Attempts were made in the Thomas's criminal trial to elicit the contour of the camping regulation. The Assistant Solicitor of the National Capitol Parks, Richard Robbins, was called to testify by the defendants. Mr. Robbins provides advice to Department of Interior officials and the public regarding the camping regulation; he participated in drafting and editing it.

Mr. Robbins stated there is no prohibition against a continuous vigil, sleeping, or lying on a blanket or in a sleeping bag in Lafayette Park. Tr. 85-86. He also stated he knew of three instances where Mr. Thomas, to avoid violating the camping regulation, attempted to clarify with him what was allowed regarding sleeping, storing property, and demonstrating in the Park. Tr. 86-87.

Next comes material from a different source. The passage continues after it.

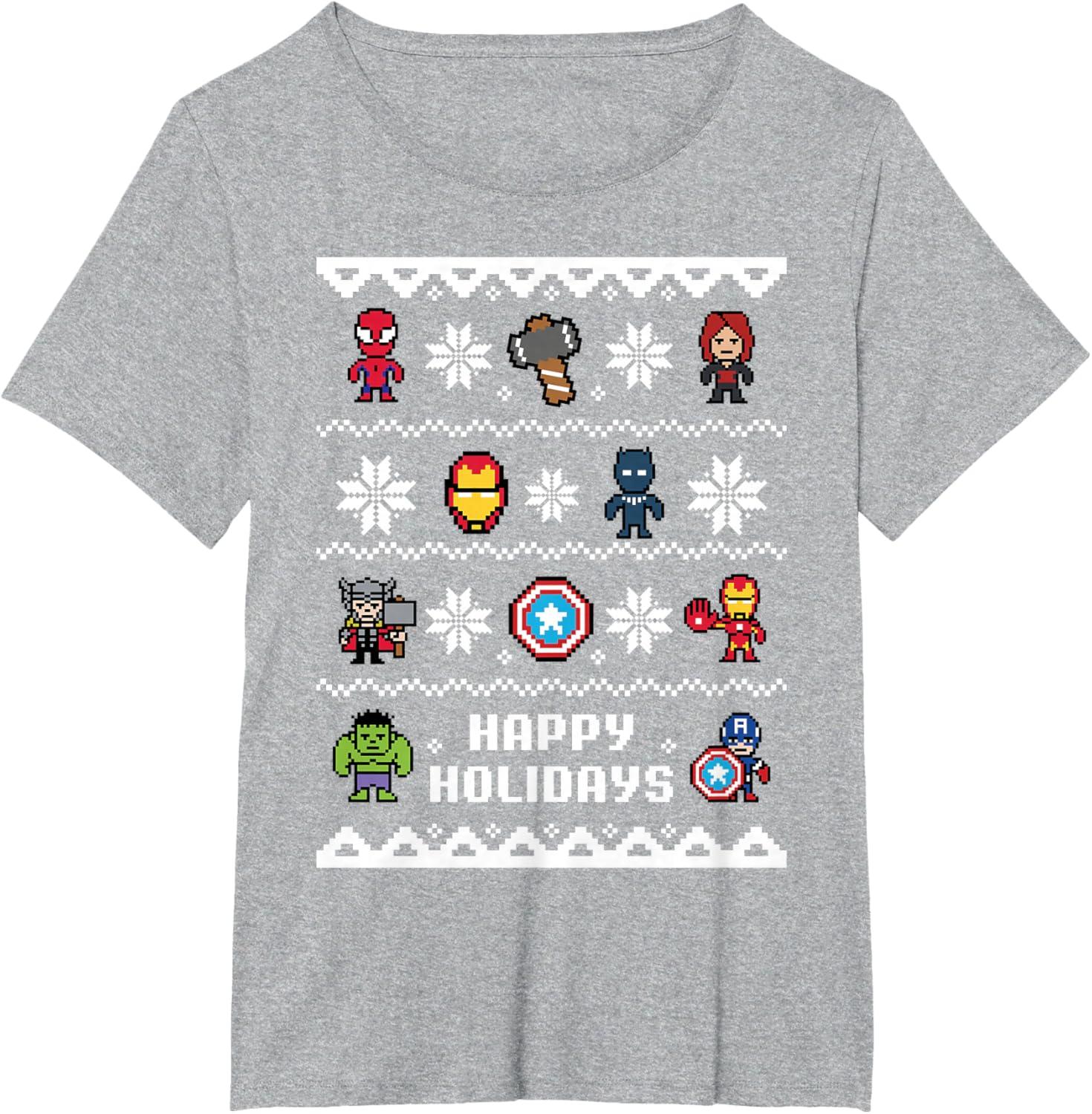 Marvel Avengers Christmas Sweater Happy Holidays T-Shirt(Dark Heather Grey)

In William Thomas Exhibit 2, a letter from Mr. Robbins to a demonstrator, Mr. Robbins stated:

Of course, the Park Service has not banned 24-hour vigils in Lafayette Park at this time. Further, the camping regulations do not prohibit short-term casual sleep during vigils. However, once casual sleep becomes overnight sleeping, or sleeping for large portions of the night or day, or is coupled with the other indicia of camping, then that conduct violates the camping regulations. See Tr. 89-92.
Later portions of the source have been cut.